In this step, I am going to add cat codes as IDs for attributes that are foreign keys.


In [191]:
import pandas as pd
import numpy as np
import psycopg2
import getpass
import sqlite3

In [192]:
carscom = pd.read_pickle('/dsa/groups/casestudy2022su/team05/carscom_v03.pkl')

In [193]:
# Create ID for Vehicle_Make
carscom['Make_ID'] = carscom['Make'].astype('category').cat.codes

In [194]:
# Create ID for Dealer
carscom['Dealer_ID'] = carscom['Dealer_Name'].astype('category').cat.codes

In [195]:
# Create ID for Rate
carscom['Rate_ID'] = carscom['Rate'].astype('category').cat.codes

In [196]:
# Create ID for Vehicle
carscom['Vehicle_ID'] = carscom['Year'].map(str) + '-' + carscom['Make_ID'].map(str) + '-' + carscom['Model']
carscom['Vehicle_ID'] = carscom['Vehicle_ID'].astype('category').cat.codes

In [197]:
# Create ID for Vehicle_Posting
carscom['Posting_ID'] = range(1, len(carscom) + 1)
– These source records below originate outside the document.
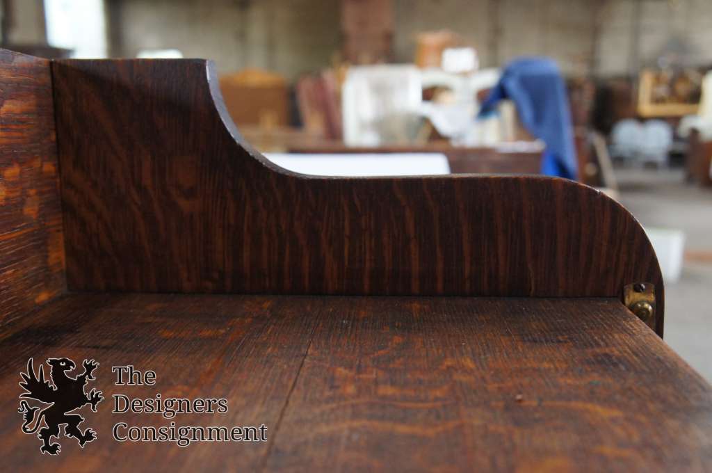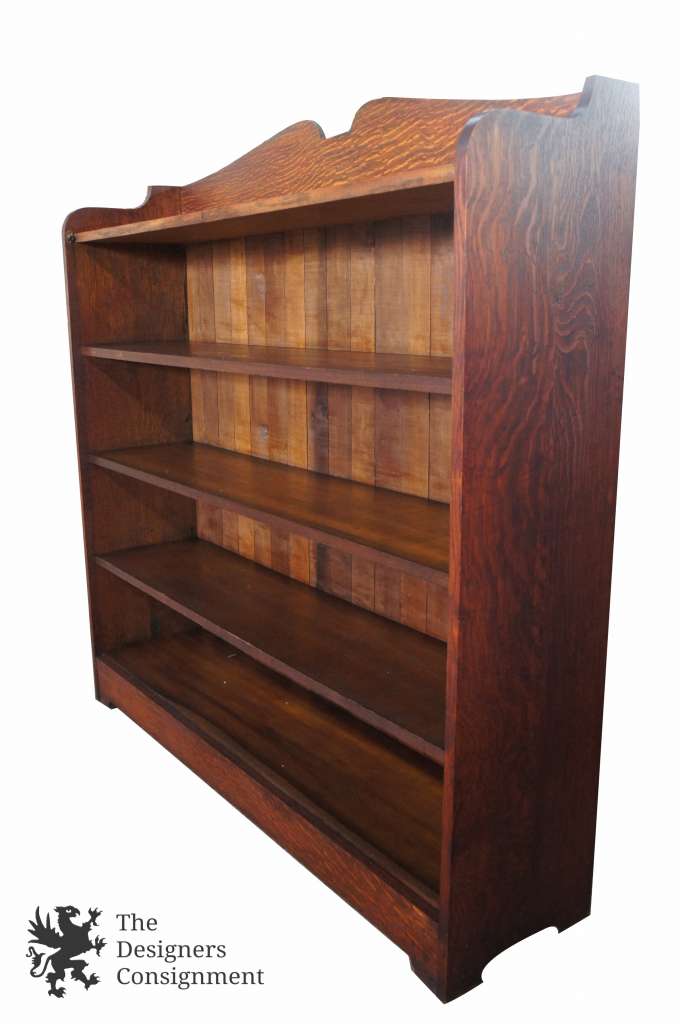 A beautiful Mission style Oak bookcase with paneled backing. Features 5 shelves with a serpentine back. Circa 1950s.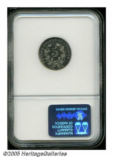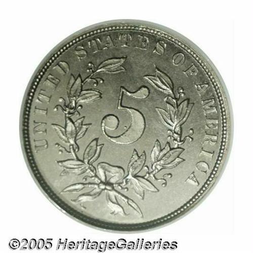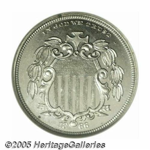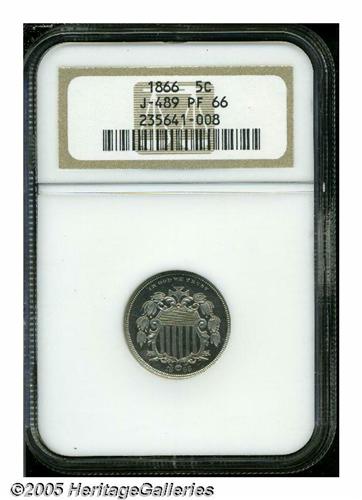 <B>1866<5C> Shield Five Cents, Judd-489, Pollock-577, Low R.6, PR66 NGC.</B></I> The obverse has a shield design similar to that adopted for the regular issue Shield nickel, except that the motto IN GOD WE TRUST is expressed in smaller letters and the date is divided by the ball at the base of the shield. On the reverse, a fancy numeral 5 is surrounded by a laurel wreath, with the legend UNITED STATES OF AMERICA around the rim. Struck in nickel with a plain edge. Offered here is a well mirrored Premium Gem with a coating of light gray patina over both sides.<BR><I>From The Western Hills Collection.</B></I>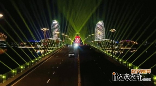 燈光秀期間,當游客沿著入島大橋步入;◢u,橋面兩側(cè)的光束迅速變幻著形狀,以動感的節(jié)奏,熱情歡迎著每一個登島游客,目之所及滿是節(jié)日特有的喜慶與活力。而整場燈光秀中,最為吸引人的,還是與大橋相呼應(yīng)的海花島雙塔。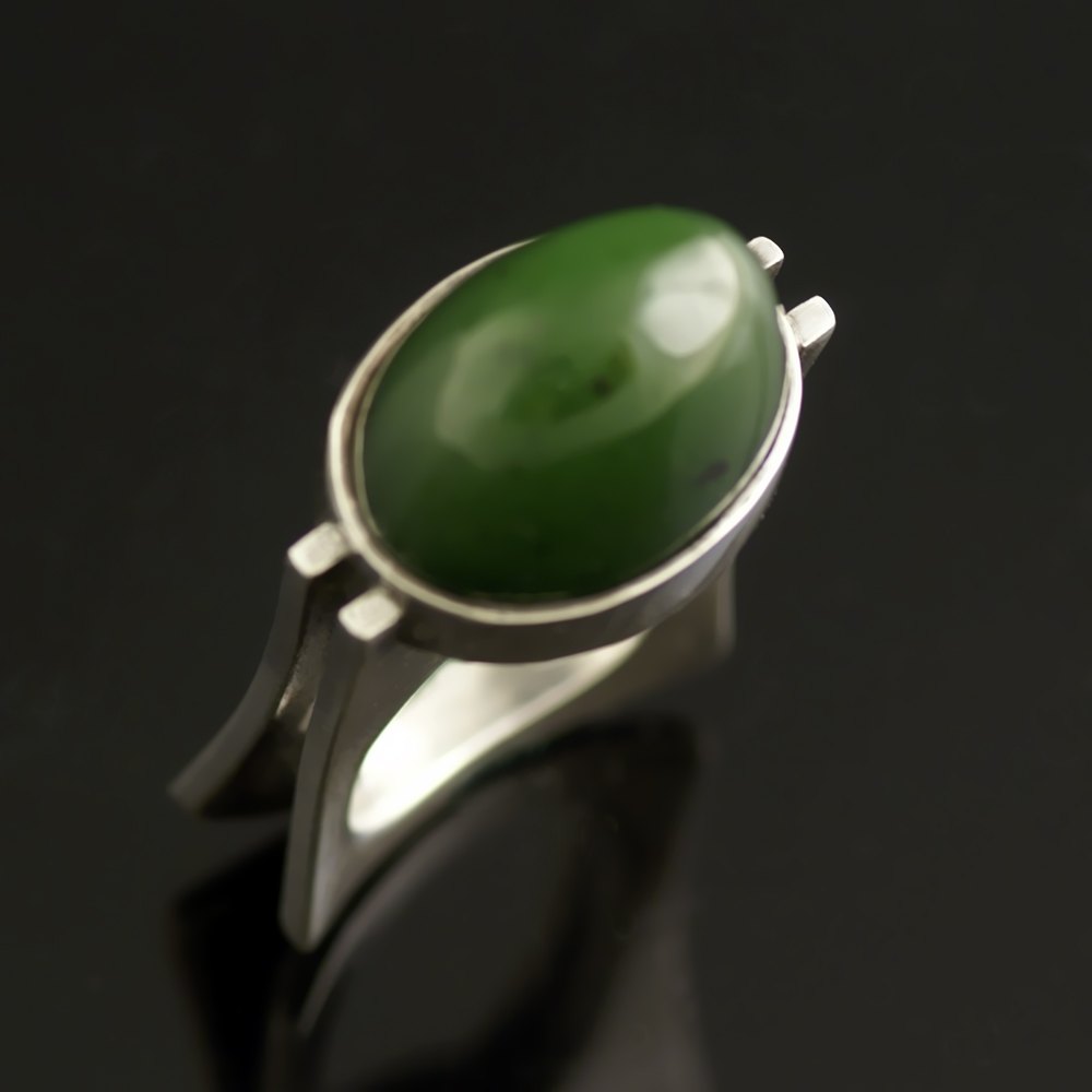 Andreas Mikkelsen. Ring i Sterling Sølv med Nephrit.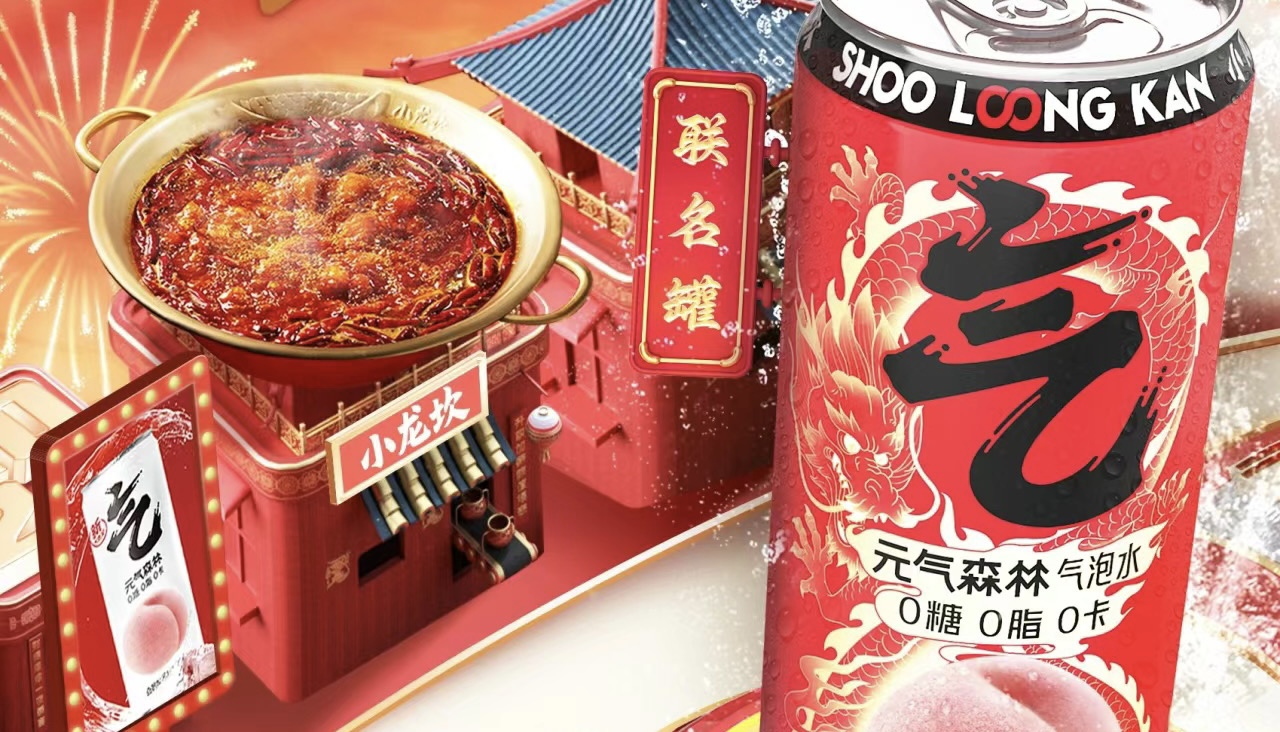 元气森林2024年首批大张旗鼓的联名活动对象是一家火锅店——它和小龙坎程成都春熙路太古里店合作推出了一间主题店,并持续至2024年1月14日。

In this step, I am going to normalize, seperate, and clean the data into the individual dataframes. This will allow me to load the data into the database much more efficently.

In [198]:
# Create dataframe for Dealer table:
dealer_table = carscom[['Dealer_ID', 'Dealer_Name']]
dealer_table = dealer_table.drop_duplicates(inplace = False)
dealer_table.columns = ['Dealer_ID', 'Dealer']

In [199]:
# Create dataframe for Vehicle Make table:
vehicle_make_table = carscom[['Make_ID', 'Make']]
vehicle_make_table = vehicle_make_table.drop_duplicates(inplace = False)

In [200]:
# Create dataframe for Rate table:
rate_table = carscom[['Rate_ID', 'Rate']]
rate_table = rate_table.drop_duplicates(inplace = False)

In [201]:
# Create dataframe for City table:
city_table = carscom[['Zip', 'City', 'State', 'Distance Radius', 'Lon', 'Lat']]
city_table = city_table.drop_duplicates(inplace = False)
city_table.columns = ['Zip_Code', 'City', 'State', 'Distance_Radius', 'Longitude', 'Latitude']
city_table = city_table.drop([243768,243771])

In [202]:
# Create dataframe for Vehicle Stats table:
vehicle_stats_table = carscom[['Vehicle_ID', 'Avg_Price', 'Min_Price', 'Max_Price', 'Avg_Mileage', 'Min_Mileage', 'Max_Mileage', 'Count']]
vehicle_stats_table = vehicle_stats_table.drop_duplicates(inplace = False)

In [203]:
# Create dataframe for Vehicle table:
vehicle_table = carscom[['Vehicle_ID', 'Year', 'Make_ID', 'Model']]
vehicle_table = vehicle_table.drop_duplicates(inplace = False)

In [204]:
# Create dataframe for Vehicle Posting table:
vehicle_posting_table = carscom[['Posting_ID', 'Vehicle_ID', 'Dealer_ID', 'Rate_ID', 'Mileage', 'Price', 'Under_Value($)', 'miles', 'Zip', 'electronic_dealer']]
vehicle_posting_table = vehicle_posting_table.drop_duplicates(inplace = False)
vehicle_posting_table.columns = ['Posting_ID', 'Vehicle_ID', 'Dealer_ID', 'Rate_ID', 'Mileage', 'Price', 'Under_Value', 'Miles', 'Zip_Code', 'Electronic_Posting']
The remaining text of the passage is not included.